The major expense in establishing a geographic information system (GIS) is converting paper maps to digital. This paper describes a system that scans and semi-automatically digitizes Italian Land Register Authority maps, allowing their replacement by a GIS. Because of the accuracy required, manual conversion or tracing was estimated at 20 hours per map; the system described cuts this to half an hour of automated processing and three hours of interactive processing, for a total saving of 5.1 million person-hours over the 300,000 sheets.
The system works in four phases. First, a map is scanned and the lines found are converted to a graph structure of edges and nodes. Second, the graph representation is searched for shading (multiple parallel lines), continuous lines, and dashed lines. Third, the line candidates are vectorized as lines or symbols. Fourth, high-level entities are recognized. Testing indicates that over 90 percent of map features are correctly identified automatically, and operator intervention deals with the remainder.
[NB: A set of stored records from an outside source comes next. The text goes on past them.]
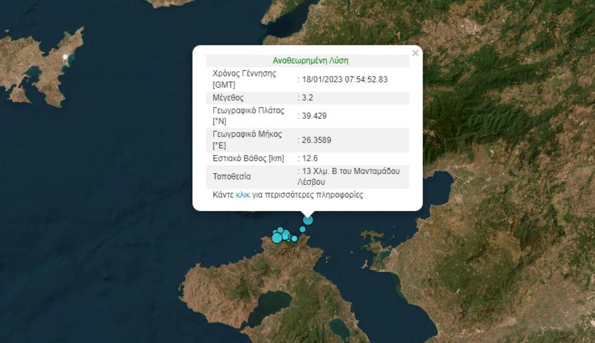 Σεισμική δόνηση μεγέθους 3,2 Ρίχτερ σημειώθηκε στις 09:54 το πρωί, 16 χιλιόμετρα βόρεια του Μανταμάδου στη Λέσβο.
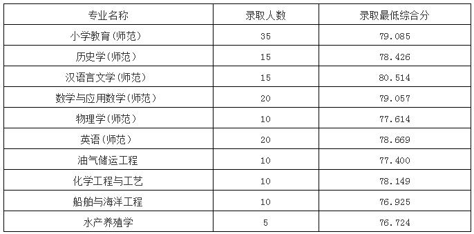浙江海洋大学还有2018年三位一体招生录取已结束,录取150人,录取考生中最低综合分如下:
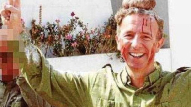 Turistformanden står med et stor smil på læberne, mens blodet løber ned over hans ansigt og han laver sejrstegnet med to fingre. Nogle gange signalerer v-tegnet også fred, men det må man antage ikke er tilfældet her.
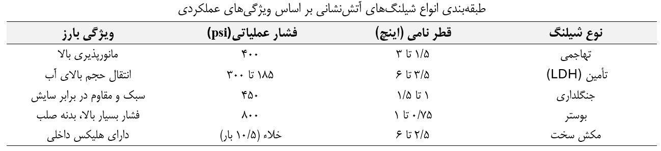شیلنگ‌های آتش‌نشانی بر اساس دبی مورد نیاز، فشار عملیاتی و ماهیت منبع تأمین آب به دسته‌های مختلفی تقسیم می‌شوند که هر یک الزامات طراحی خاص خود را دارند.
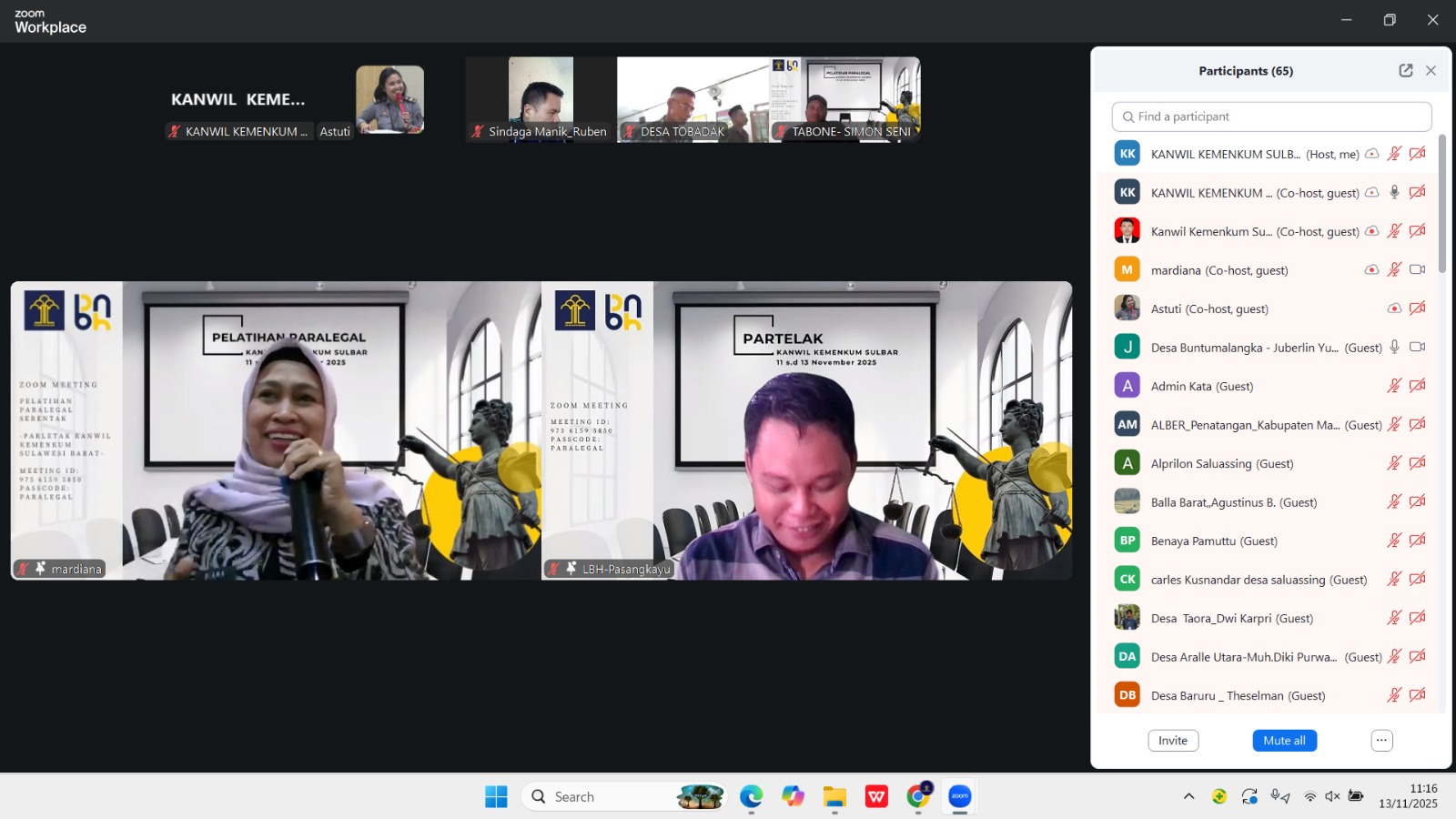 Hal itu disampaikannya pada penutupan pelatihan paralegal khusus yang dilaksanakan secara Virtual, kamis (13/11/2025)
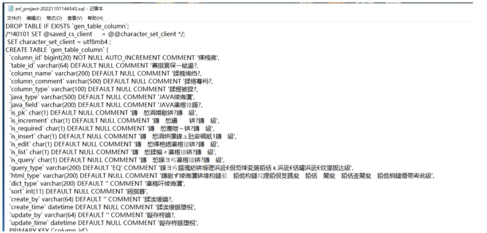 但是,當我們打開文件看的時候,發現里面的備注,中文相關的都是亂碼(PS:Notepad++ 軟件打開不會,可能是因為這個軟件比較智能)
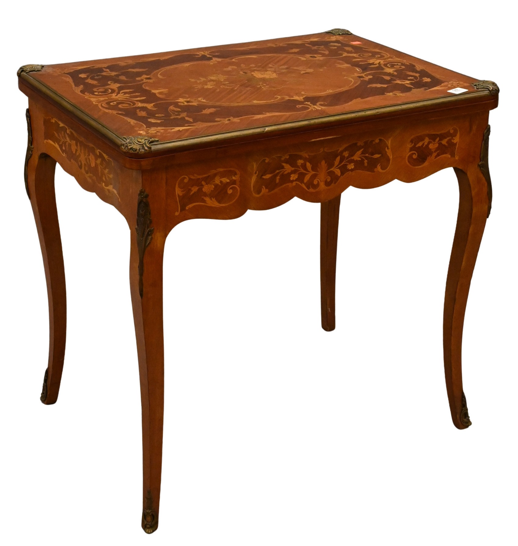 opening to felt playing surface along with chess/checkerboard and backgammon within, all having marquetry inlay, early 20th century
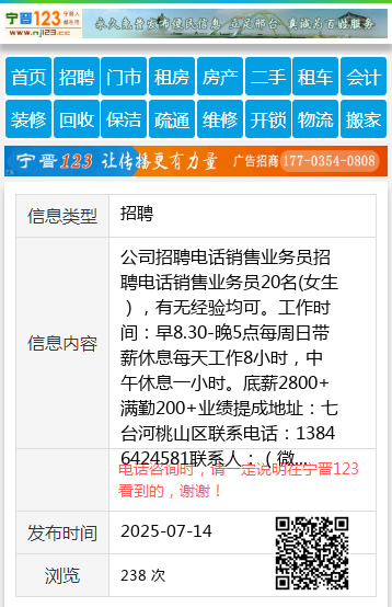 公司招聘电话销售业务员招聘电话销售业务员20名(女生),有无经验均可。工作时间:早8.30-晚5点每周日带薪休息每天工作8小时,中午休息一小时。底薪2800+满勤200+业绩提成地址:七台河桃山区联系电话:13846424581联系人:(微信同号)赵女士13846424581 【电话咨询时,请一定说明在七台河信息网看到的,谢谢!】 |

The paper clearly describes the approach and high-level design of the system, but does not give algorithm details; it includes no general discussion of the problem of automatic recognition or consideration of alternative approaches. Judging by the example figures in the paper, Italian Land Register maps are relatively clean drawings with uncomplicated semantics. This system appears to be a major success, however, and will be of interest to other government instrumentalities and utilities with large backlogs of maps to digitize.